Что с этим делать? Я думаю, надо привлекать в суд представителей народа. Мы могли бы сильно расширить участие присяжных в нашем правосудии. И, как и в царской России, ввести почетных мировых судей.  

«Это придаток государственной машины»

— Как вы относитесь к идее полной люстрации судебного корпуса, в том числе судей Конституционного суда? Поможет ли это выздоровлению российской судебной системы? 

— Так уже сделали на Украине. И что вышло? Стало лучше в судебной системе? Люстрация —это когда людей выгоняют по одним основаниям и потом система снова наполняется ставленниками начальства, то есть его друзьями и теми, кто им лоялен. Вот что происходит в результате подобной люстрации. Если бы мы имели независимый орган, который бы наполнял систему новыми людьми, это бы имело какой-то смысл. А так как мы собираемся проводить люстрацию в судебной системе, но не в других органах власти, то результат обречен на провал. Если люстрировать судейский корпус, то нужно люстрировать и другие институты власти: ФСБ, Госдуму, прокуратуру и так далее. Тогда, может быть, что-то и получится. А люстрация в таком варианте приведет к еще большему закрепощению судей. 

Кстати, в 2014 году в России была некая репетиция люстрации. Тогда разогнали Высший арбитражный суд и слили его с Верховным судом. Судьям сначала пообещали несменяемость, а потом учредили специальные комиссии, которые проверяли их в том числе на лояльность. И ведь часть судей разогнали, они не прошли проверку. А как же быть с конституционным принципом несменяемости судей? Это опять было нарушением Конституции. 

Так что я бы поостерегся люстрации. А вот набор в судебную систему людей, не связанных с государством, это хороший ход. Старым кадрам надо дать спокойно уйти на пенсию, а руководящие места в судебной системе пусть займут люди, которые не опорочили себя связью с правоохранительными, или лучше сказать, карательными органами. Кстати, такое проделывали, когда была десталинизация. Людей в порядке партийной дисциплины назначали на должности в МВД и в судьи. И все это были доценты вузов. Вот это могло быть дать дивиденды при условии, что будет ослаблена хватка силовых структур на горле судебной системы. А если набрать новых людей, но поставить их в старые условия, то они очень быстро, как во вьетнамской сказке, превратятся в драконов. 

— Сейчас в России реализуется Федеральная целевая программа «Развитие судебной системы на 2013–2020 годы» от 2012 года.
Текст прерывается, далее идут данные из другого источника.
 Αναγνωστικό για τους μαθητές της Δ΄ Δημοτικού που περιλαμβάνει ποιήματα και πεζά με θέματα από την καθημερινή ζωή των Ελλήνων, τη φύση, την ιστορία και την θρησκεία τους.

Одной из задач программы является повышение доверия к отечественному правосудию с 6 до 50%. Как вы оцениваете ее реализацию?
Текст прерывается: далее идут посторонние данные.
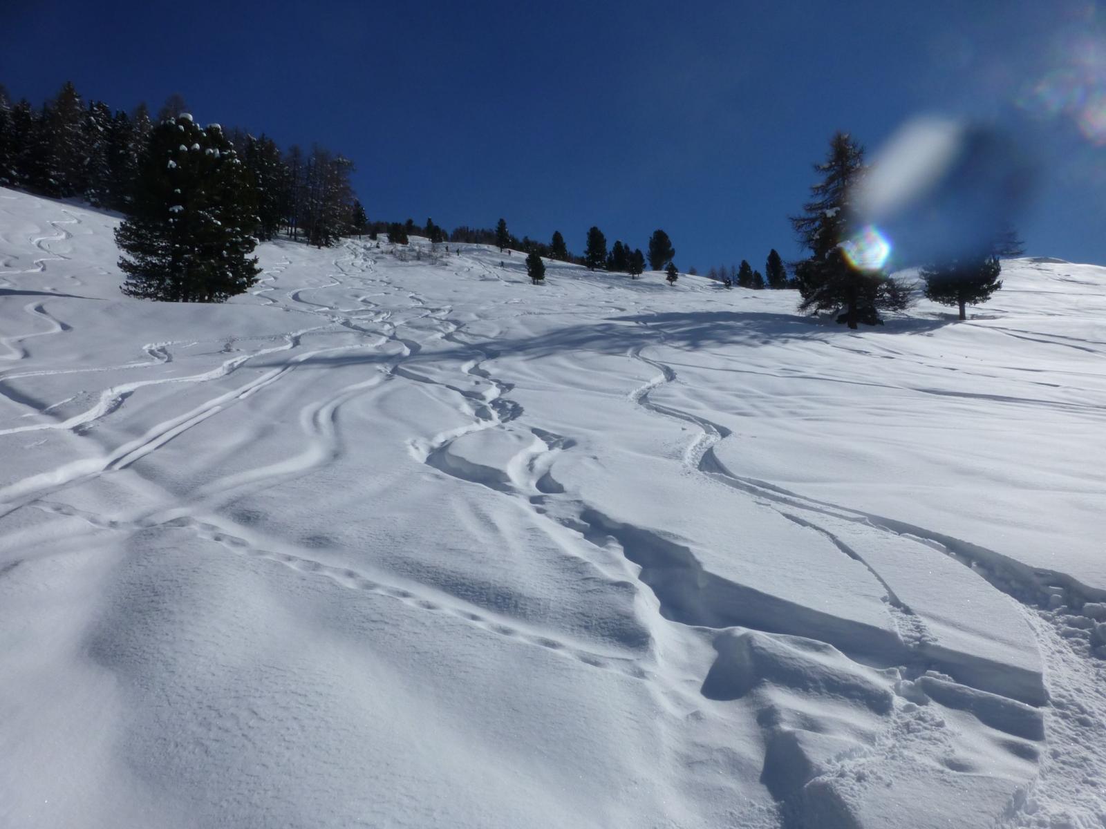 Partiti con leggero nevischio, si è gradatamente aperto il cielo. A partire dal baitone cielo blu ma vento che rinforzava sulla cresta. Noi siamo fra quelli che hanno deciso il dietrofront a 150 m dalla cima proprio per la forza del vento. Discesa fantastica in 50 cm di neve fresca sulla pala, nel bosco e nei pratoni. La Pierre non tradisce mai.

— В этой части программа с треском провалилась. Доверие населения к правосудию самое низкое. Поднять его можно только уважением к населению со стороны судей. Но судебная система, к сожалению, не проявляет такого уважения. А вместе с ним не проявляет и справедливость. 
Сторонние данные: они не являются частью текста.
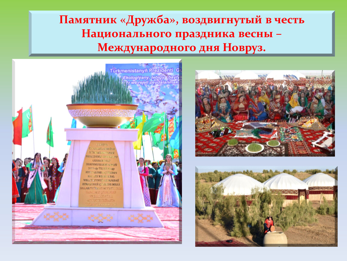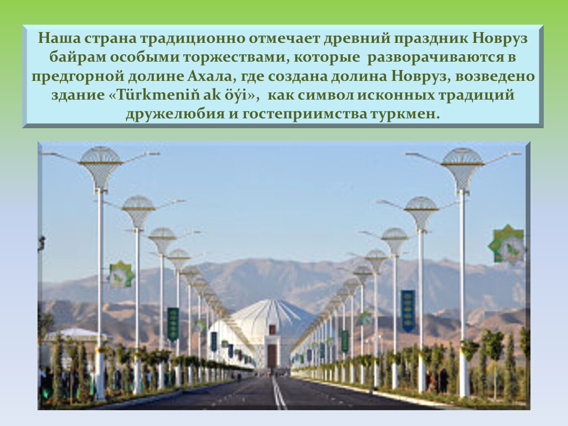 Наша страна традиционно отмечает древний праздник Новруз байрам особыми торжествами, которые разворачиваются в предгорной долине Ахала, где создана долина Новруз, возведено здание «Türkmeniň ak öýi», как символ исконных традиций дружелюбия и гостеприимства туркмен.

Самое печальное, что эта программа не предусматривала многих решений, которые были реализованы в принудительном порядке. Например, в этой программе ничего не говорилось о переезде Верховного суда в Санкт-Петербург, там ничего не говорилось о слиянии Арбитражного и Верховного судов, в ней ничего не говорилось о создании кассационных и апелляционных судов общей юрисдикции. То есть принимаются решения помимо программы. Это значит, что судебная система корежится волевым образом. И ответственных за эту деятельность нет. Однако в итоге нарушаются права граждан. Например, если вы создаете кассационные суды в количестве девяти штук и гражданин должен ехать не в своей районный центр, а неизвестно куда, чтобы подать жалобу, то это нарушение права на доступность правосудия. Понятно, что после такого население будет смотреть на суды с опаской и не будет им доверять.